[Opening Data in this exercise section]

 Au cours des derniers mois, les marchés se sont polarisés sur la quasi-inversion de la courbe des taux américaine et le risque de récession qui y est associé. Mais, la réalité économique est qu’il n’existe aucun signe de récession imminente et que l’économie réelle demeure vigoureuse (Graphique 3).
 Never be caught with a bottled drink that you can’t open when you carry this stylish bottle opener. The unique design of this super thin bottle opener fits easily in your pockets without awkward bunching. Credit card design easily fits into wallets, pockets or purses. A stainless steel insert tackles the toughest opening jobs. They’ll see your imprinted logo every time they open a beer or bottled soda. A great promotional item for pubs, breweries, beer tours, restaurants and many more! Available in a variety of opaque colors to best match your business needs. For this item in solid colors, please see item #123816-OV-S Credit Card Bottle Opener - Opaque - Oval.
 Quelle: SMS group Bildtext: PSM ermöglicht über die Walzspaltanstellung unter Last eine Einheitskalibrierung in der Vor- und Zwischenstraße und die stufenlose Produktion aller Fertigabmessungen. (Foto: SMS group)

[Closing Data in this exercise section]
[Opening Data in this exercise section]

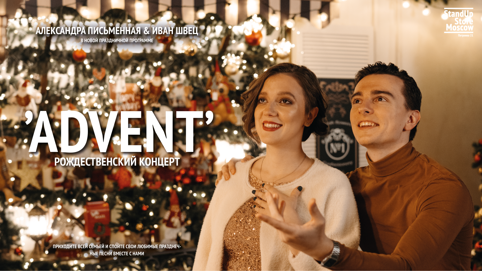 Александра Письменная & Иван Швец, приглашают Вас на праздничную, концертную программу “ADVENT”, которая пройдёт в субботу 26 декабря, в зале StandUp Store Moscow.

[Closing Data in this exercise section]

> **Requirement**
Take the lines above from the one containing "Au cours des" to the one containing "Quelle: SMS group" and retype them exactly, both ends included, with nothing added.

> **Answer box**
 Au cours des derniers mois, les marchés se sont polarisés sur la quasi-inversion de la courbe des taux américaine et le risque de récession qui y est associé. Mais, la réalité économique est qu’il n’existe aucun signe de récession imminente et que l’économie réelle demeure vigoureuse (Graphique 3).
 Never be caught with a bottled drink that you can’t open when you carry this stylish bottle opener. The unique design of this super thin bottle opener fits easily in your pockets without awkward bunching. Credit card design easily fits into wallets, pockets or purses. A stainless steel insert tackles the toughest opening jobs. They’ll see your imprinted logo every time they open a beer or bottled soda. A great promotional item for pubs, breweries, beer tours, restaurants and many more! Available in a variety of opaque colors to best match your business needs. For this item in solid colors, please see item #123816-OV-S Credit Card Bottle Opener - Opaque - Oval.
 Quelle: SMS group Bildtext: PSM ermöglicht über die Walzspaltanstellung unter Last eine Einheitskalibrierung in der Vor- und Zwischenstraße und die stufenlose Produktion aller Fertigabmessungen. (Foto: SMS group)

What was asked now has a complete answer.